REQUIREMENT –
Below are the records; return exactly the lines from the one with "All das sind" through the final line, both included, minus any pictures.

LISTED ENTRIES –
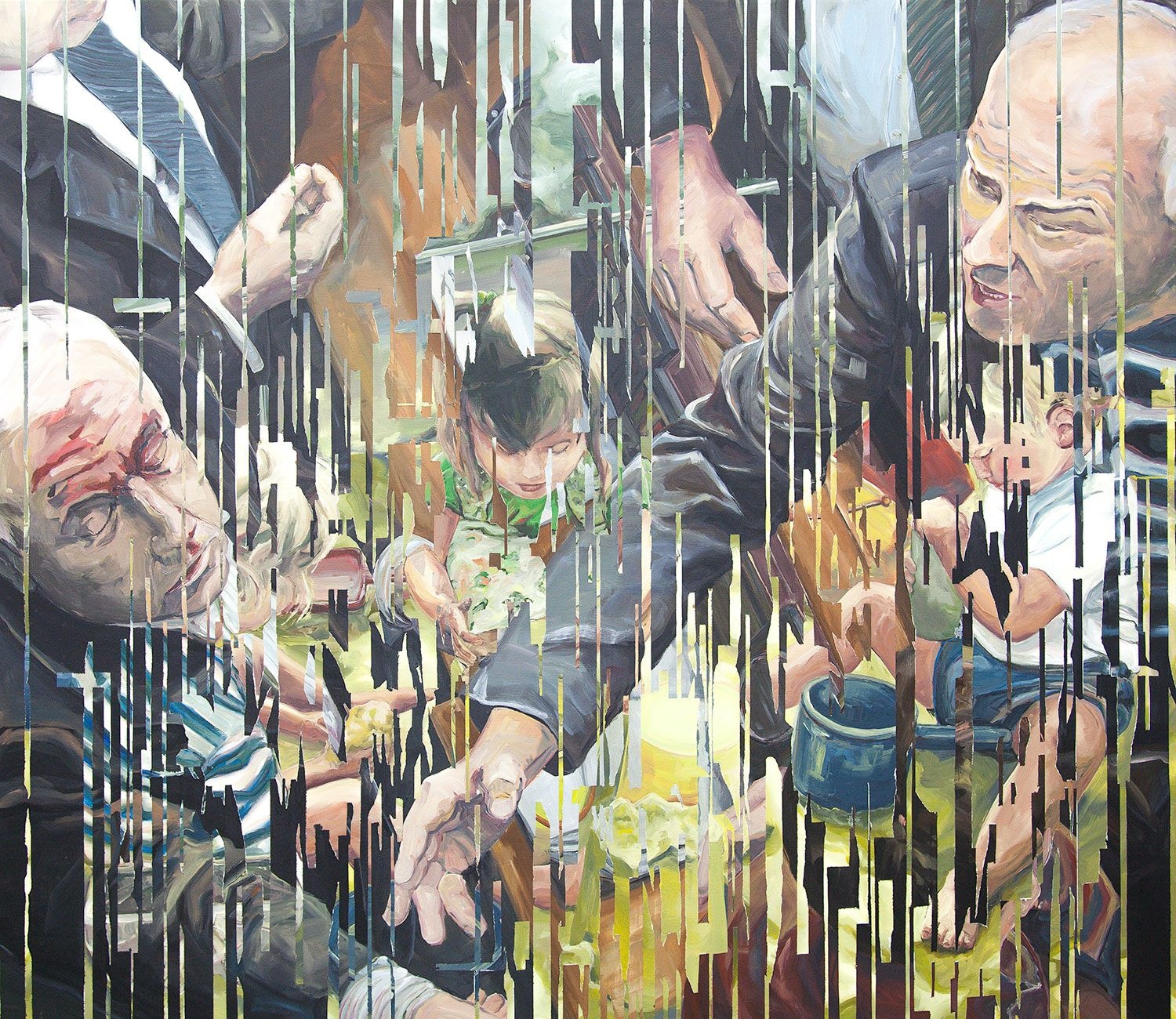 Na razstavi so predstavljene digitalne podobe (v formatu oziroma resoluciji kot jih najdemo na spletu), ki so podlaga avtorskih delom. Urhova prenaša te "odslužene" podobe v slikarski medij, saj kot pravi "nosi ta težo človeške prisotnosti, v polni ločljivosti, v naravni velikosti in v realnem času." Končni rezultat je izjemno prepričljiv vtis kolažiranja razrezanih fragmentov, pri čemer umetnica združuje podobe, ki nimajo logične povezave. Gre za premišljene kombinacije, ki jih sprva preizkusi v računalniški skici in jih nato mojstrsko prenese na platno.
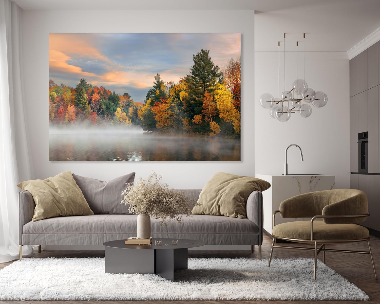 Nature Wall Art Prints - Ocean Forest Mountain Lake Canvas Landscapes - Small to Extra Large Living Room Bedroom Kitchen Bathroom Décor (Misty Fall Reflection, 35L" x 53W")
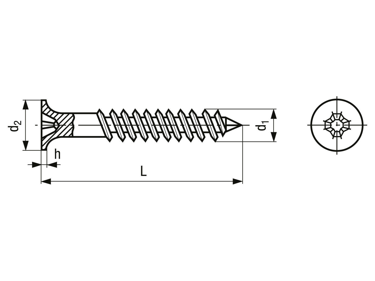 Phillips flat countersunk head drywall screws form H, double-fine thread
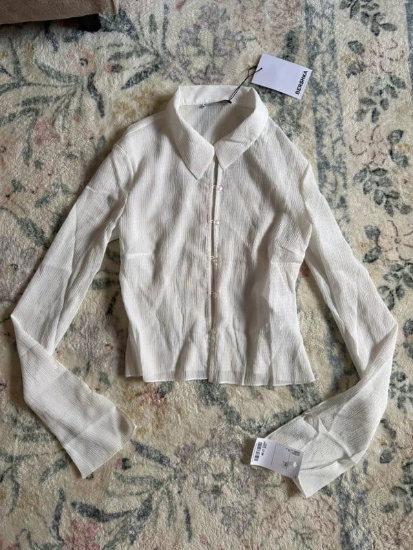 “Pair with black tailored trousers and white pumps for a chic work outfit, or with a pencil skirt and statement earrings for evening events.”
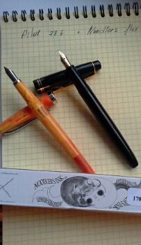 Pilot 78G с пером F с упаковкой черных картриджей (без одного) ну и стандартным пипеточным конвертором (в него не заправляла)- 650 рублей включая доставку. После покупки валялась дома, перо нормальное для повседневных записей (обычное, не для поиграться), но этот старомодный плассмассовый корпус с крутилкой совсем не вызвал желания ей пользоваться...
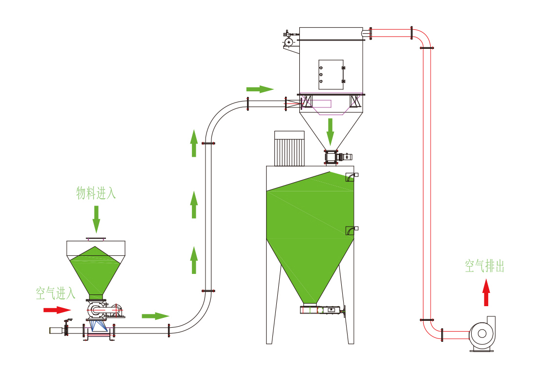 該輸送方式設備簡單,可輸送用壓送式供料難以輸送的物料,適用于間隙輸送或者連續輸送。
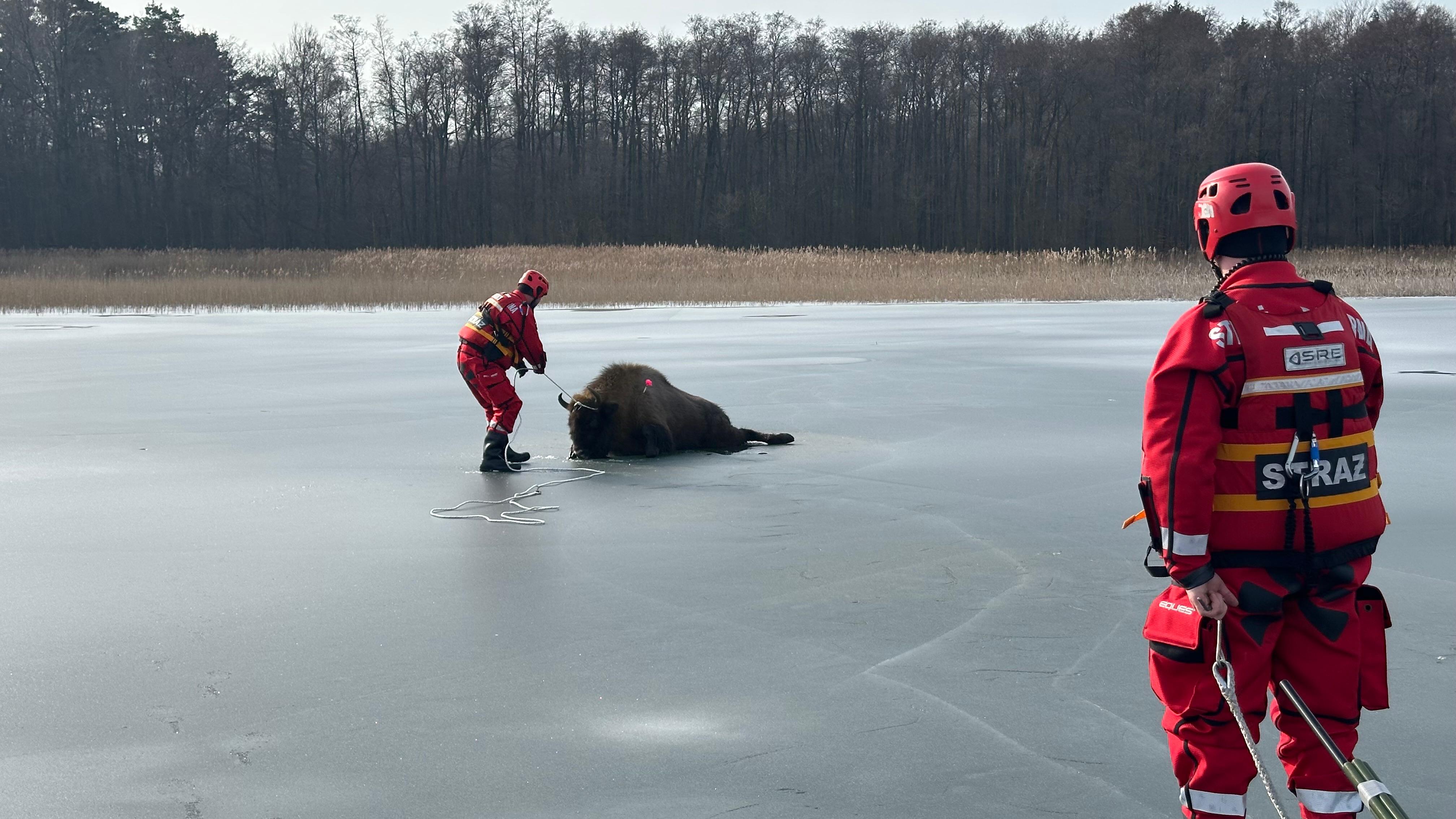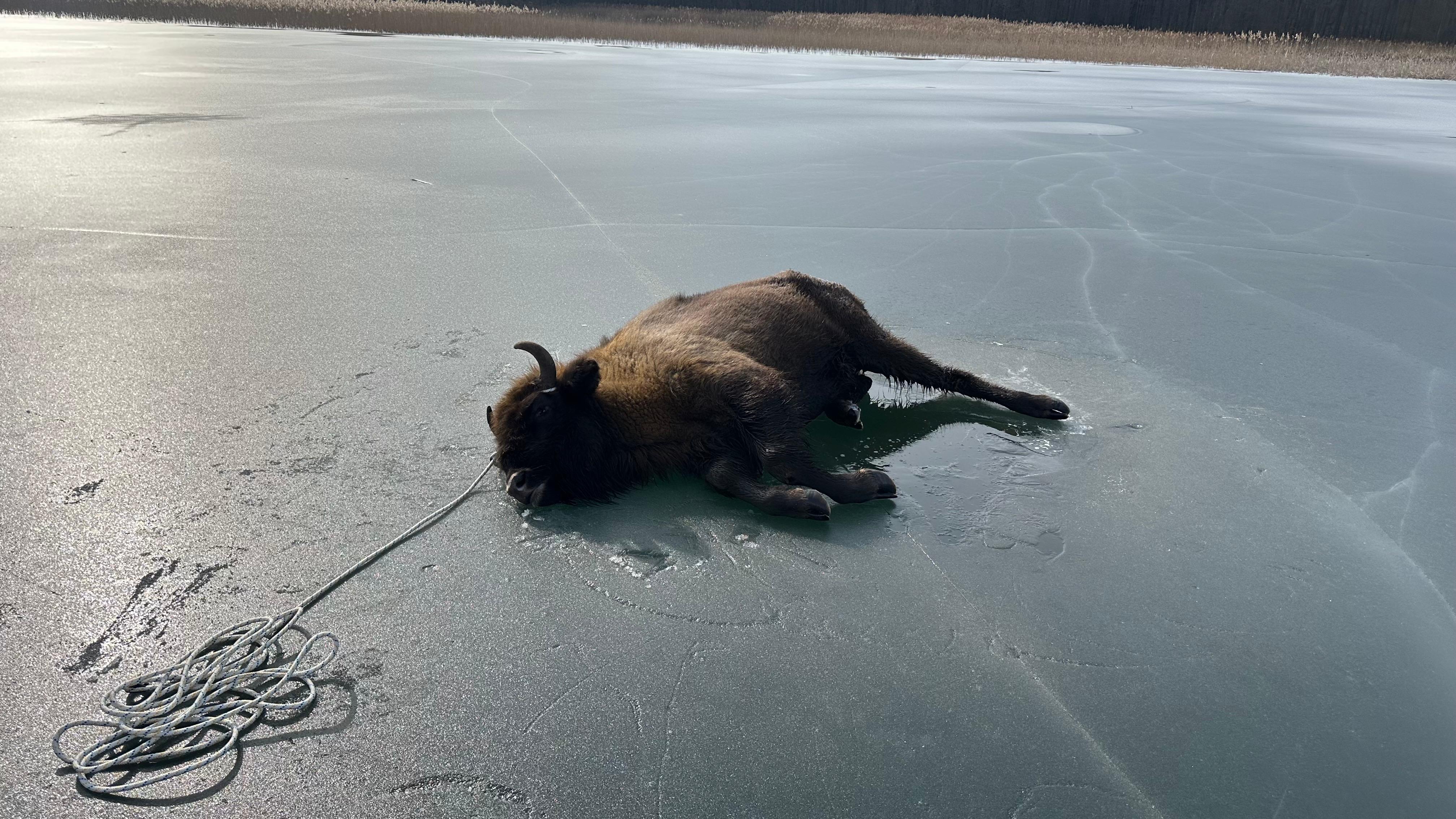 Akcja ratownicza żubra na zamarzniętym jeziorze
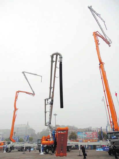 一字排開(kāi)的“擎天”系列混凝土泵車,有如美國(guó)科幻大片《變形金剛》中的汽車人——擎天柱。近日,中聯(lián)重科混凝土機(jī)械公司2013年度品牌巡展在首站長(zhǎng)沙,推出全球獨(dú)創(chuàng)的碳纖維臂架系列泵車,實(shí)現(xiàn)批量上市。其中,臂長(zhǎng)80米和101米兩款碳纖維臂架泵車,曾刷新臂架長(zhǎng)度吉尼斯世界紀(jì)錄。
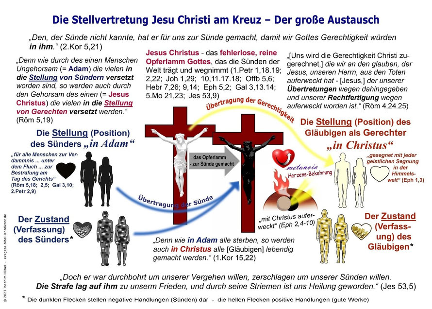 All das sind Aussagen der Heiligen Schrift über unsere Stellung in Christus; es ist ein Werk Gottes in Christus an uns, welches wir nur durch Glauben empfangen und annehmen können, indem wir uns dafür halten und mit den uns zugesagten unsichtbaren Tatsachen glaubend rechnen (vgl. Rö. 6,11).
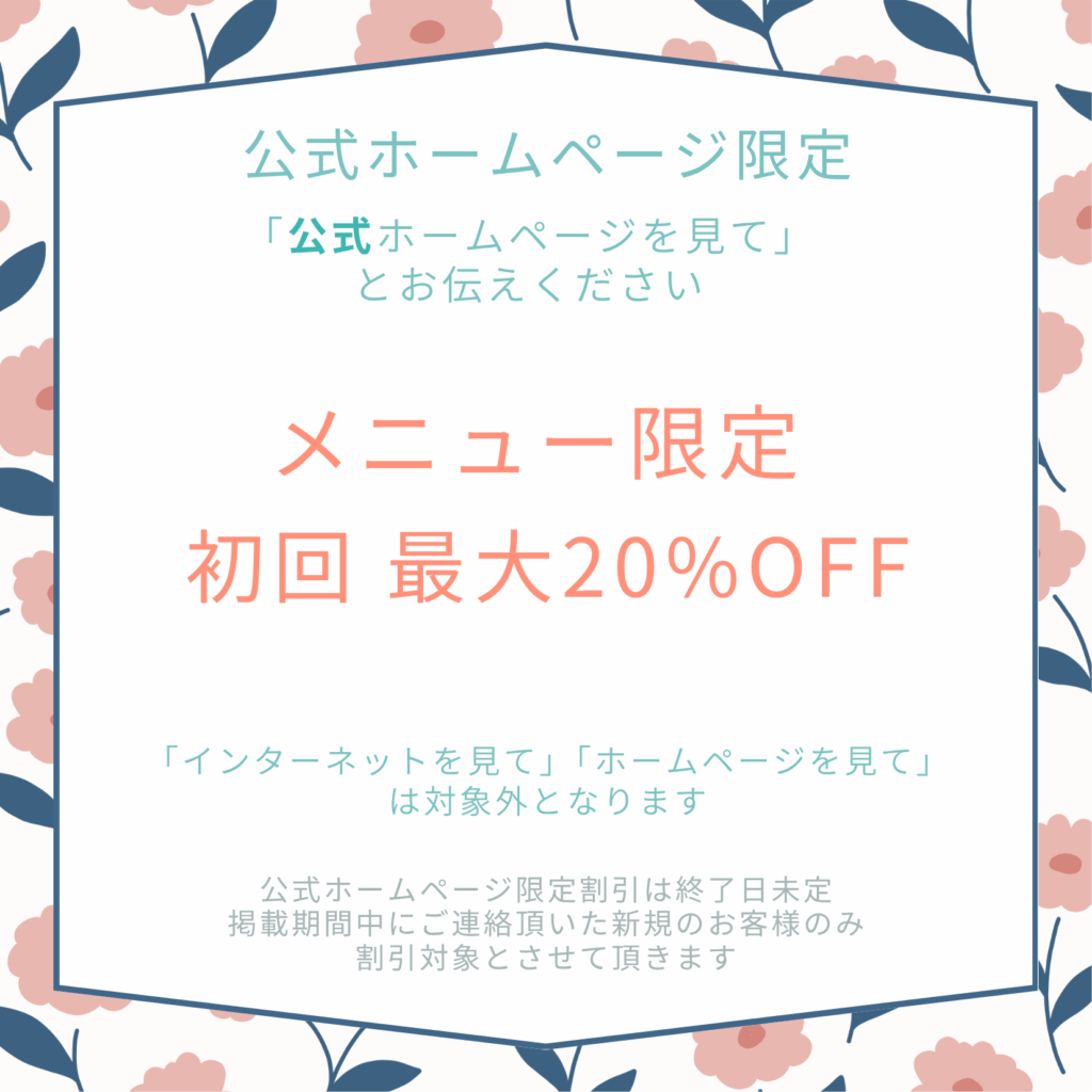下記メニューをご予約のお客様に限り、施術料が初回 10%~20%OFF
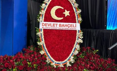 MHP Genel Başkanı Devlet Bahçeli, AK Parti 8'inci Olağan Büyük Kongresi'ne milli birlik ve kardeşliği simgeleyen özel çiçek aranjmanı gönderdi. MHP'nin sosyal medya hesabından yapılan paylaşımda, üzerinde Genel Başkan Bahçeli'nin isminin yazdığı aranjmanın fotoğraflarına yer verildi. Aranjmanda yer alan 1071 gül Malazgirt Zaferi'ni, 1453 karanfil İstanbul'un Fethi'ni, Türk bayrağı çerçevesi birlik ve dayanışmayı, 23 beyaz orkide AK Parti'nin 23 yıllık yönetimini temsil ediyor.
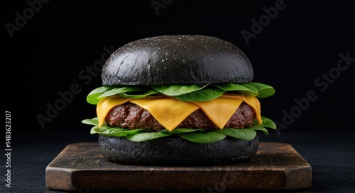 Black burger with cheese and lettuce on a wooden board against dark background.

COMPLETED EXERCISE –
 All das sind Aussagen der Heiligen Schrift über unsere Stellung in Christus; es ist ein Werk Gottes in Christus an uns, welches wir nur durch Glauben empfangen und annehmen können, indem wir uns dafür halten und mit den uns zugesagten unsichtbaren Tatsachen glaubend rechnen (vgl. Rö. 6,11).
下記メニューをご予約のお客様に限り、施術料が初回 10%~20%OFF
 MHP Genel Başkanı Devlet Bahçeli, AK Parti 8'inci Olağan Büyük Kongresi'ne milli birlik ve kardeşliği simgeleyen özel çiçek aranjmanı gönderdi. MHP'nin sosyal medya hesabından yapılan paylaşımda, üzerinde Genel Başkan Bahçeli'nin isminin yazdığı aranjmanın fotoğraflarına yer verildi. Aranjmanda yer alan 1071 gül Malazgirt Zaferi'ni, 1453 karanfil İstanbul'un Fethi'ni, Türk bayrağı çerçevesi birlik ve dayanışmayı, 23 beyaz orkide AK Parti'nin 23 yıllık yönetimini temsil ediyor.
 Black burger with cheese and lettuce on a wooden board against dark background.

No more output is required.